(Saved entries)
Segment Open
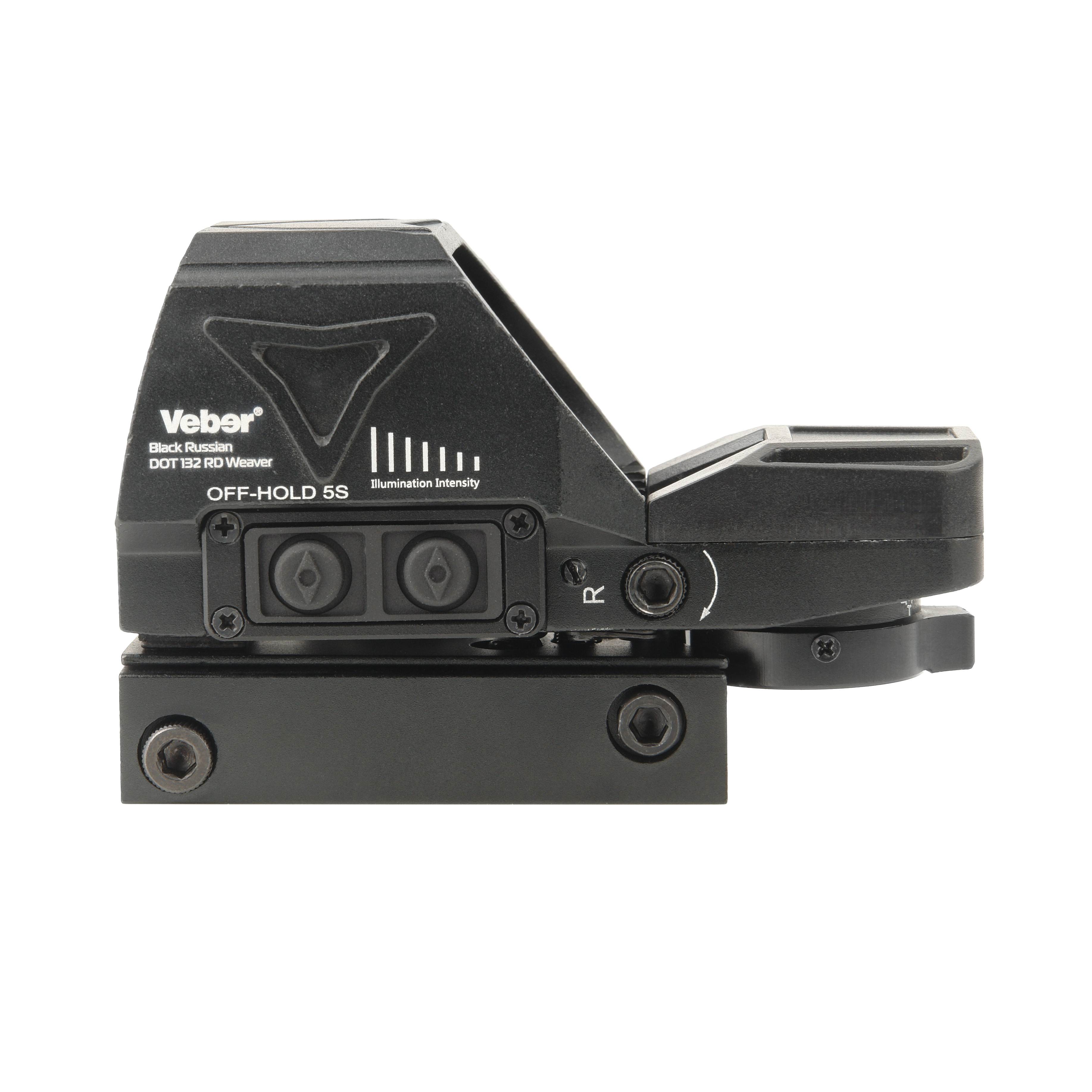 Корпус соединен с креплением для установки на планку Weaver длиной от 22мм. Также выпускается модификация прицела Veber Black Russian DOT 132 RD DVT11 для установки на оружие с планкой «ласточкин хвост» 11 мм.
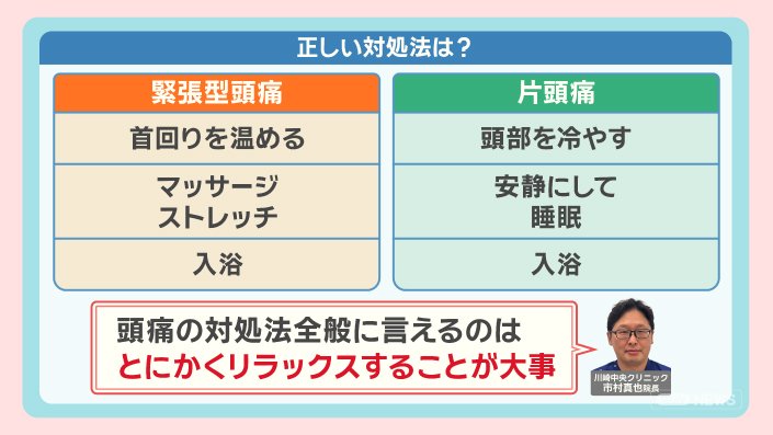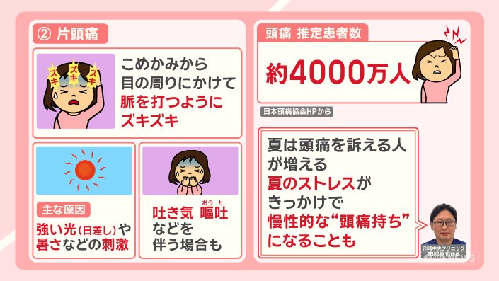 酷暑で悪化“夏の頭痛”その対処法 実は逆効果!?プロ直伝 痛み別の正しい対処法 テレビ朝日系 ANN- Yahoo!ニュース。
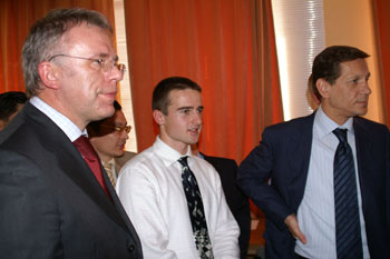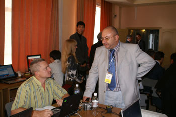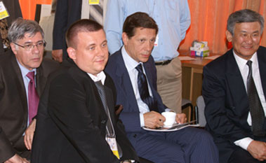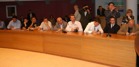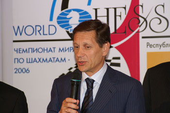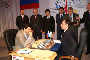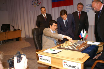 Упоминавшуюся в первом репортаже стеклянную ширму никто не стал разбирать, организаторы придумали другой ход: нас запустили на сцену и разрешили заснять волнующий момент запуска матча. Гийссен, дипломат старой школы, разумеется, не стал пускать часы: высокие гости слегка просрочили время. Но вот, толпа фоторепортеров расступилась, и высокие гости вышли на сцену. Во время зачитывания приветствий Крамник и Топалов с отсутствующими лицами сидели за шахматным столиком.
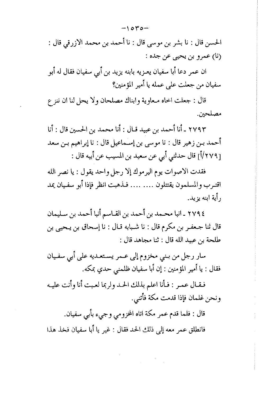 2793 - أنا أَحْمَدُ بْنُ عُبَيْدٍ، قَالَ: أنا مُحَمَّدُ بْنُ الْحُسَيْنِ، قَالَ: أنا أَحْمَدُ بْنُ زُهَيْرٍ، قَالَ: نا مُوسَى بْنُ إِسْمَاعِيلَ، قَالَ: نا إِبْرَاهِيمُ بْنُ سَعْدٍ، قَالَ: حَدَّثَنِي أَبِي، عَنْ سَعِيدِ بْنِ الْمُسَيِّبِ، عَنْ أَبِيهِ، قَالَ: " §فُقِدَتِ الْأَصْوَاتُ يَوْمَ الْيَرْمُوكِ إِلَّا رَجُلًا وَاحِدًا يَقُولُ: يَا نَصْرَ اللَّهِ اقْتَرِبْ، وَالْمُسْلِمُونَ يَقْتَتِلُونَ. . .، فَذَهَبْتُ أَنْظُرُ، فَإِذَا أَبُو سُفْيَانَ. . . ابْنُهُ يَزِيدَ
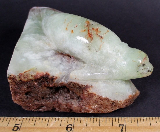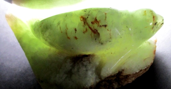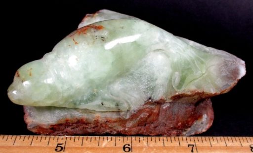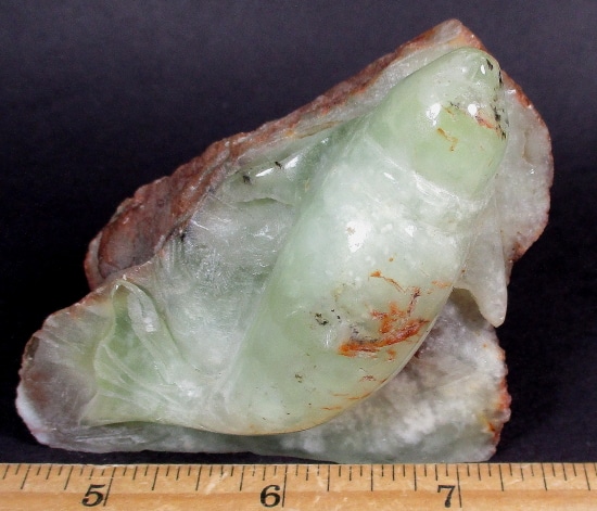 Prehnite is a Phyllosilicate mixture of Calcium and Aluminum. Although it is not a Zeolite, it is often associated with them and with Datolite and Calcite, in veins and cavities of Basaltic rocks, sometimes in Granites, Syenites or Gneisses. The color varies from light green to grey to white to yellow or a mix of colors. It is translucent and was named after it’s discoverer, Colonel Hendrik von Prehn.
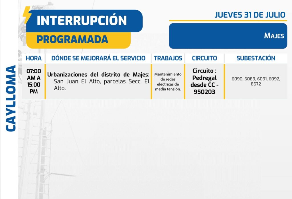 En Majes (Caylloma), el corte irá de 7:00 a. m. a 3:00 p. m. e impactará en las urbanizaciones de San Juan El Alto y parcelas de la sección El Alto. El motivo es el mantenimiento de redes eléctricas de media tensión. El corte corresponde al Circuito Pedregal desde CC – 950203 y afectará las subestaciones 6090, 6089, 6091, 6092 y 8672.
Segment Closed
§ **What you should do**
Begin with the line containing "Prehnite is a", stop at the last line of the records above, and copy every line in between exactly, both ends included, with no pictures.

§ **Expected output**
 Prehnite is a Phyllosilicate mixture of Calcium and Aluminum. Although it is not a Zeolite, it is often associated with them and with Datolite and Calcite, in veins and cavities of Basaltic rocks, sometimes in Granites, Syenites or Gneisses. The color varies from light green to grey to white to yellow or a mix of colors. It is translucent and was named after it’s discoverer, Colonel Hendrik von Prehn.
 En Majes (Caylloma), el corte irá de 7:00 a. m. a 3:00 p. m. e impactará en las urbanizaciones de San Juan El Alto y parcelas de la sección El Alto. El motivo es el mantenimiento de redes eléctricas de media tensión. El corte corresponde al Circuito Pedregal desde CC – 950203 y afectará las subestaciones 6090, 6089, 6091, 6092 y 8672.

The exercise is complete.